SAN DIEGO (CN) – Federal prosecutors accused two Chula Vista telemarketers of defrauding hundreds of victims of $1.5 million by falsely claiming they were affiliated with the government and could get them home loan modifications.
The criminal indictments accuse Jose Ruiz, 37, and Christian Hidalgo, 36, of mail fraud and money laundering. Ruiz faces six counts, including wire fraud; Hidalgo faces five counts.
“Ruiz and Hidalgo executed similar schemes in which they sent misleading solicitation letters that contained false claims about their ability to obtain loan modifications for homeowners unable to make their payments,” prosecutors said in a statement announcing the two indictments, which the U.S. Attorney’s Office released together. (Click document icon on Courthouse News home page.)

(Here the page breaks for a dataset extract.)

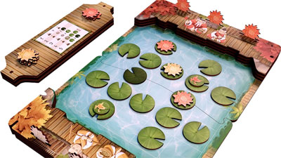 Alors prends place et écoute petit scarabée. Chaque jardinier dispose de huit boutons de fleurs numérotés de 1 à 8, et trois de ces bourgeons seront disponibles à chaque tour. Seize feuilles de nénuphars sont placées dans le bassin de 5×5 cases, et l’une d’elle sera tournée sur son côté obscure de sa force. On en parle peu, mais les nénuphars ont un côté diabolique. Vous allez voir.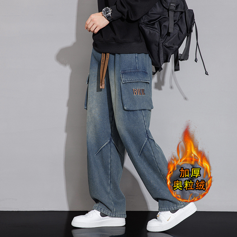 夏の人気男性パンツファッション香港風デニムパンツ韓国版ゆるいシンプルな男性カジュアルパンツ

“Among other things, the solicitation letters fraudulently indicated that the defendants were affiliated with the United States Department of Housing and Urban
Development (‘HUD’) and other governmental agencies, and directed potential victims to contact one of the defendants’ entities operating in San Diego,” the U.S. Attorney’s Office said. “Both Ruiz and Hidalgo also operated websites that used similarly misleading advertisements for mortgage loan modification services.
“According to the indictments, Ruiz and Hidalgo would often use aliases or pseudonyms to conceal their true identities, and would falsely represent to victims that they would negotiate a mortgage loan modification on the victim’s behalf for little or no money. The indictments allege that the defendants would then direct the victim homeowners to send their monthly mortgage payments directly to business entities controlled by the defendants, rather than to their mortgage lenders. As a result, many of the victims’ mortgages went into default.
“According to the indictments, many of the victim homeowners would forgo sending their mortgage payments to their lenders based upon the defendants’ representation that the mortgage payments would be segregated in a ‘reserve’ or ‘escrow’ account. But as alleged in the indictments, the victims’ funds were not secured in this manner, but were actually used to pay the defendants’ personal expenses, provide commissions to the defendants’ employees, and purchase items for the defendants’ personal use, including vehicles and jewelry.”
If convicted, both men face long stretches in prison and stiff fines: 20 years for wire fraud, 20 years for mail fraud, with $1 million fine for each, and 10 years for money laundering, plus a $250,000 fine.